◆ What needs to be done ◆
For the entries that follow, retype exactly the lines from the one containing "This mannequin has" to the one containing "Robin EH18V OHV", inclusive, and only those. Images stay out of the copy.

◆ Records to process ◆
□ □ □

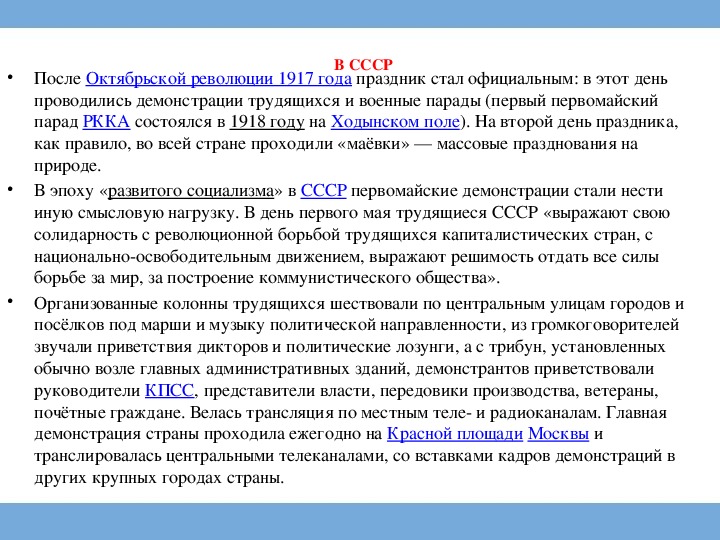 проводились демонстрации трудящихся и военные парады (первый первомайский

□ □ □

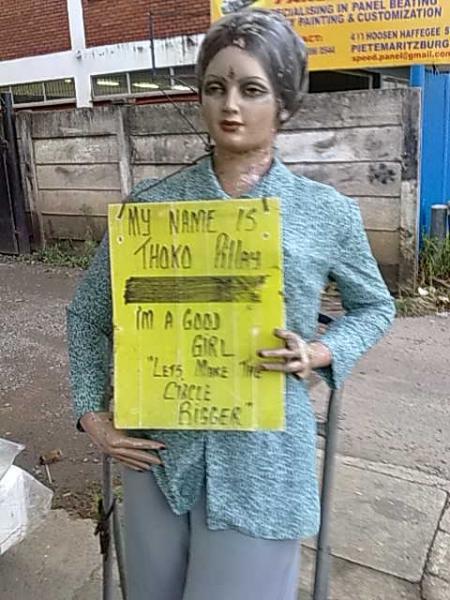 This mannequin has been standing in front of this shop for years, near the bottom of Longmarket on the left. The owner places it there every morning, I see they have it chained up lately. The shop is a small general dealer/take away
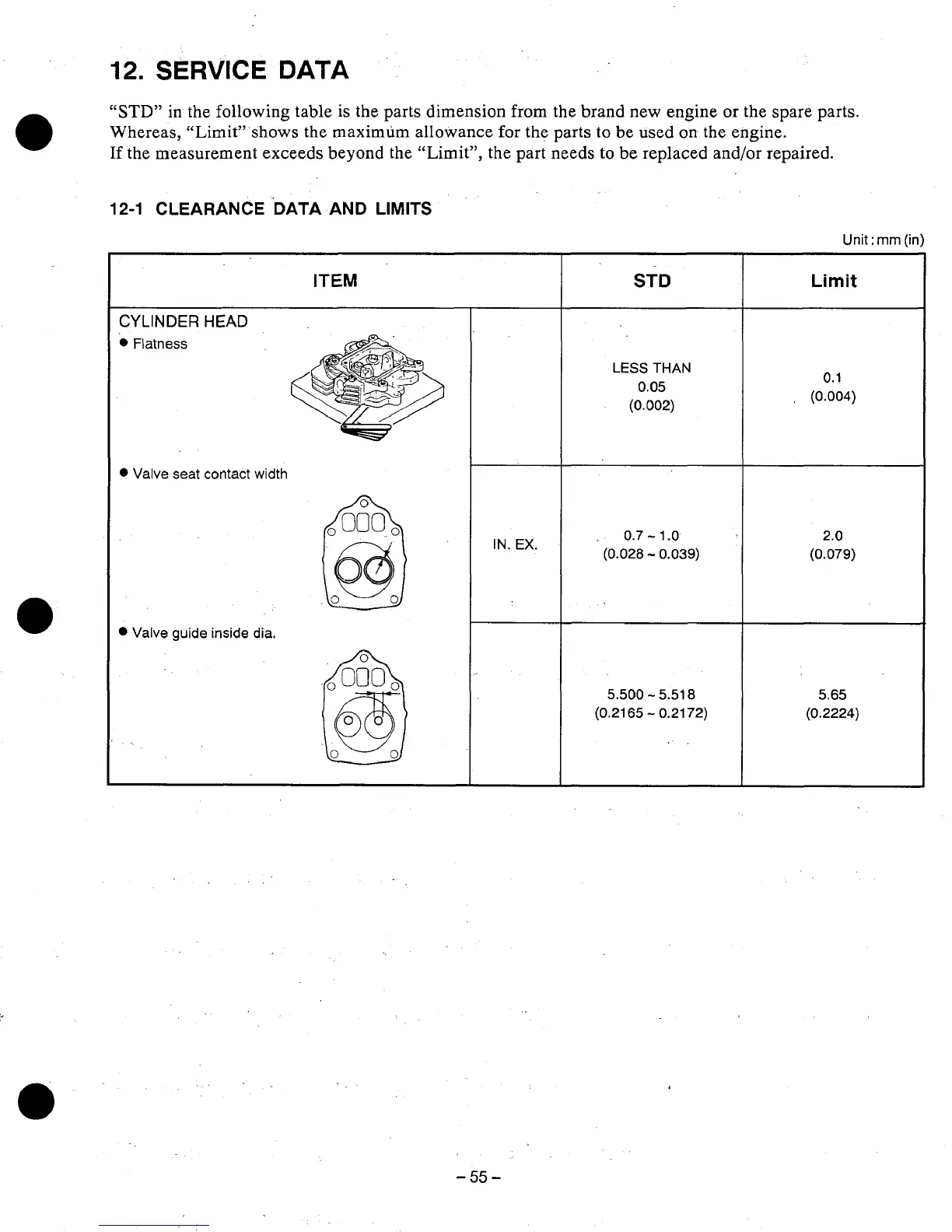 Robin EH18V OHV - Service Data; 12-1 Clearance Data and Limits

□ □ □

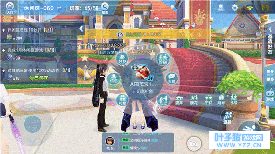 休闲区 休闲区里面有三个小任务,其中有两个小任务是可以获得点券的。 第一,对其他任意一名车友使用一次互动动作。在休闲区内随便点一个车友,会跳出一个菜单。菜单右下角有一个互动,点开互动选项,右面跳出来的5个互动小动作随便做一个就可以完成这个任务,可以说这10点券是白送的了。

□ □ □

◆ Response box ◆
 This mannequin has been standing in front of this shop for years, near the bottom of Longmarket on the left. The owner places it there every morning, I see they have it chained up lately. The shop is a small general dealer/take away
 Robin EH18V OHV - Service Data; 12-1 Clearance Data and Limits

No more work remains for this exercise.